From:Igor Stroh (str@scan-plus.de)
Date:Sep 26, 2002 10:08:43 am
List:net.sourceforge.lists.courier-maildrop

On Don, 2002-09-26 at 01:13, David wrote:

What I have is php compiled as a CGI as well as the apache module. I am going to write up a php cgi script that will be doing all the mailfilter mods, and set it to execute as vpopmail:vchkpw, this will allow the mailfilter modifying php cgi to access and make changes to the mailfilters in the users Maildir's. From what I have been reading, this should be an acceptable alternative, specially if the stand alone php is out of the web tree, as it appears to protect itself from non-genuine execution attempts on the php script that will be doin the work pretty well. It will be probably interesting cause I have never compiled/used php as anything other than a Apache module before, so I will probably make any number of mistakes before it gets tested properly, but I'm hopeful.

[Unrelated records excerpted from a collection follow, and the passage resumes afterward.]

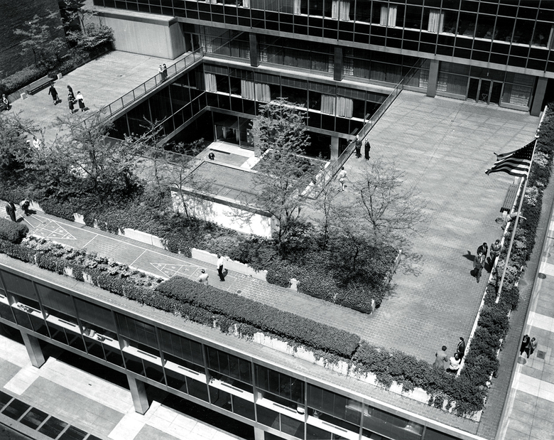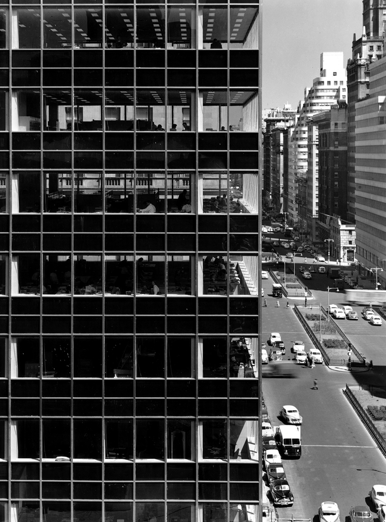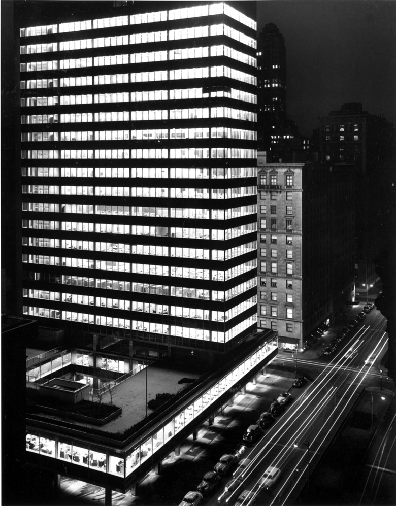 Midtown Manhattan’s Lever House marked a watershed in U.S. architecture when completed in 1952. Located on the west side of Park Avenue between 53rd and 54th Streets, the corporate headquarters—with its façade of blue-green glass and stainless steel mullions—was one of the first glass-walled International Style office buildings in the U.S.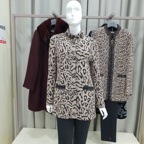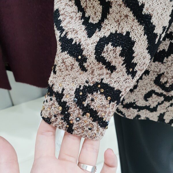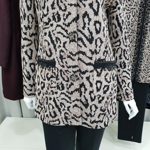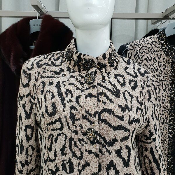 똑딱이 여밈 호피무늬 니트소재 자켓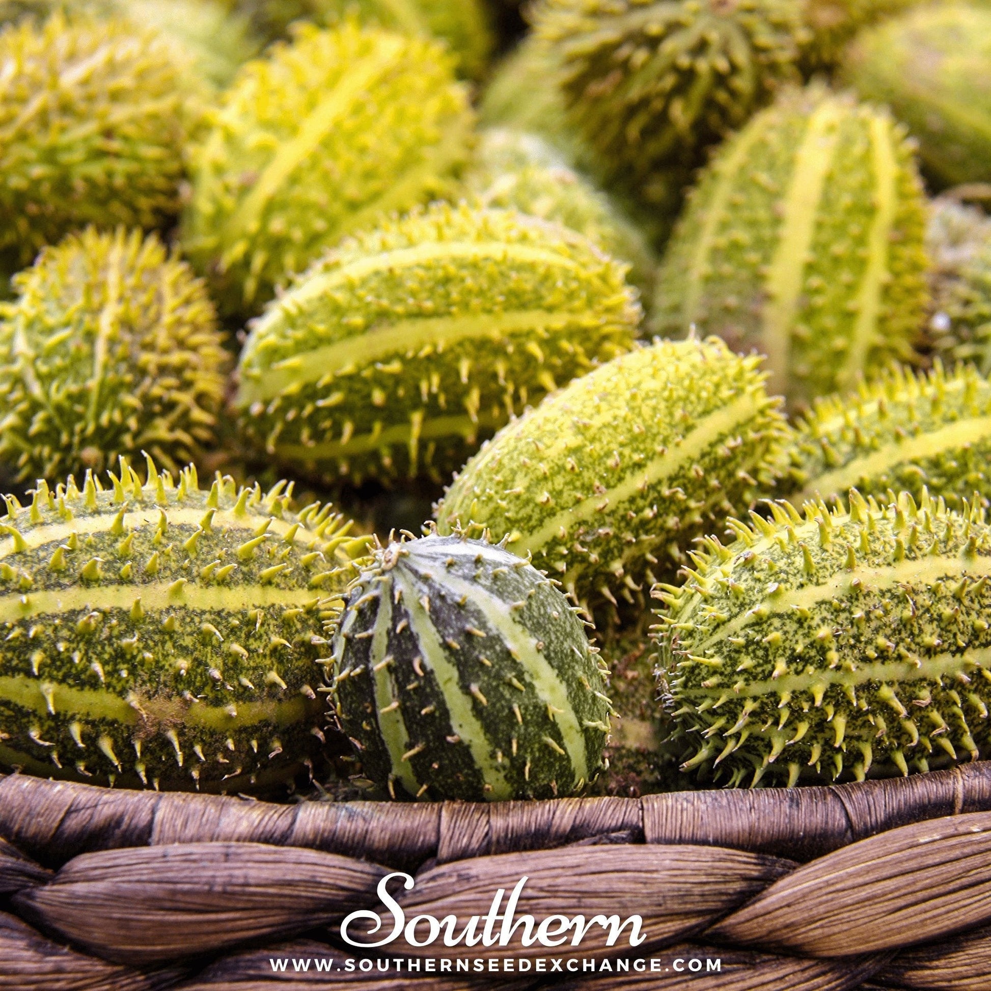 West Indian Gherkin grow extremely vigorous vines that are excellent for all gardens, space permitting. These plants grow so prolifically that fruits can be harvested throughout the entire summer and won't wilt in the heat, and vines don’t leave room for weeds. Fruits are 3-5” long and have a rounded shape, covered in small spikes.

I had a similar problem and got it solved yesterday: I'm running qmail-ldap, courier and Horde/IMP as webmail app. The user's create their filters with a nice web-gui. All the info is then parsed, converted to a maildrop filter and stored in user's ldap record. I set the deliveryprogrampath for qmail to a script that reads the data from ldap, writes it into virtual user's Maildir and starts maildrop. That's all, works pretty good... I mean after 4 days of my resultless attempts to patch maildrop so it reads the recipe directly from LDAP I consider this a passable solution :)

There's one issue about this solution: speed. Without any "external" MDA's, qmail is delivering approximately 100 mails per second, if all of these mails have to be filtered, there are only 10-15 mails per second. But I guess it's not really crucial, 'cos hey, how many of your users actually do use filters? Maybe 10-15%?

I'm not familiar with postfix, but I guess you can solve your problem in a similar way.